2017 American comedy drama

The Bachelors is an American comedy drama film directed and written by Kurt Voelker. The film stars J. K. Simmons, Julie Delpy, Josh Wiggins and Odeya Rush. Principal photography began on March 14, 2016 in Los Angeles. It premiered at the Los Angeles Film Festival on June 20, 2017. It was theatrically released on October 20, 2017.

==Plot==
After the early death of his wife, mourning father Bill Palet moves with his teenage son, Wes, across the country for a private school teaching job in southern California. At first they struggle to contain their feelings of loss, but Wes's new French teacher, Carine Roussel, stirs both toward slow change: Wes, through a homework partnership with Lacy, who's fighting depression over her parents' bitter marital collapse; and, Bill, through an unexpected liaison with Carine. Bill and Wes fight through lingering grief with Carine's and Lacy's help and begin to let go of their grief and love again, with the climactic ice cream double-date between the two couples implying happiness to be for them.

== Cast ==
- J. K. Simmons as Bill Palet
- Josh Wiggins as Wes Palet
- Odeya Rush as Lacy Westman
- Kevin Dunn as Paul Abernac
- Julie Delpy as Carine Roussel
- Harold Perrineau as Dr. Rollens
- Kimberly Crandall as Jeanie Palet
- Tyrel Jackson Williams as Raffi Akka
- Jae Head as Gober

== Production ==
On November 3, 2015, it was announced that Kurt Voelker would direct a comedy-drama film The Bachelors based on his own script, starring J. K. Simmons as a widower. On February 8, 2016, Julie Delpy joined the film. On March 9, 2016, Josh Wiggins and Odeya Rush were cast in the film. Producers on the film would be Matthew Baer and George Parra with Windowseat Entertainment's Joseph McKelheer and Bill Kiely, and Windowseat also fully financing the film.

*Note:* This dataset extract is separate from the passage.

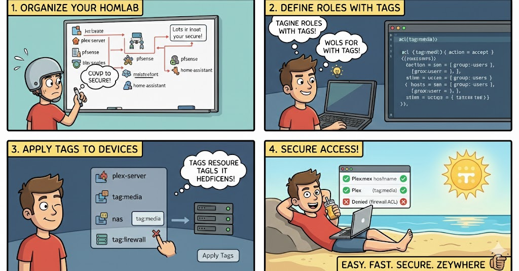 Tailscale's default behavior allows all devices on your Tailnet to communicate freely. For homelabs with multiple users or sensitive workloads, you'll want to tighten this with ACLs (Access Control Lists).

Principal photography on the film began on March 14, 2016 in Los Angeles, California.

==Reception==
The Bachelors has grossed a total worldwide of $106,212 On review aggregator website Rotten Tomatoes, the film holds an approval rating of 84% based on 19 reviews, and an average rating of 6.35/10. On Metacritic, the film has a weighted average score of 54 out of 100, based on 4 critics, indicating "mixed or average reviews".

=== Accolades ===
The film won the Best Narrative Feature Award at the 2017 San Diego International Film Festival.